◆ Records for this exercise ◆
————————

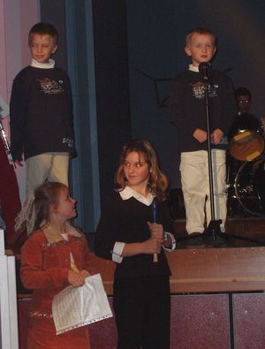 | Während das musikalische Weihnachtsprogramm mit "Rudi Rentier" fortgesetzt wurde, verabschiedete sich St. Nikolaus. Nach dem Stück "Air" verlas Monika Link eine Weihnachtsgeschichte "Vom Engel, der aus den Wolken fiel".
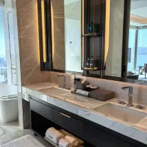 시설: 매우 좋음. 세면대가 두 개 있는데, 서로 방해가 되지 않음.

————————

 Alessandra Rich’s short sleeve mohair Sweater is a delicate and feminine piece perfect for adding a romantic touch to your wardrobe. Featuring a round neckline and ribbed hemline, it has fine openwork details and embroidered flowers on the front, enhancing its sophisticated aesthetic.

————————

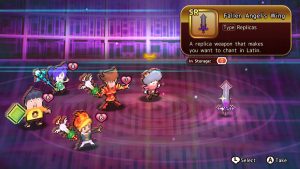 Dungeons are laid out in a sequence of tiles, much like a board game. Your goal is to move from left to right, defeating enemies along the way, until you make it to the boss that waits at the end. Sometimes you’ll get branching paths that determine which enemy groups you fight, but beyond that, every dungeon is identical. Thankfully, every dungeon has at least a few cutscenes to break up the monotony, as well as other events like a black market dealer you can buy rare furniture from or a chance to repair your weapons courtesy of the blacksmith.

————————

◆ Your goal ◆
Since the pictures are not part of the copy, please transcribe only the lines above from the one with "Während das musikalische" through the one with "시설: 매우 좋음. 세면대가 두 개 있는데, 서로 방해가 되지 않음.", exactly and with both ends.

◆ Solution to this exercise ◆
 | Während das musikalische Weihnachtsprogramm mit "Rudi Rentier" fortgesetzt wurde, verabschiedete sich St. Nikolaus. Nach dem Stück "Air" verlas Monika Link eine Weihnachtsgeschichte "Vom Engel, der aus den Wolken fiel".
 시설: 매우 좋음. 세면대가 두 개 있는데, 서로 방해가 되지 않음.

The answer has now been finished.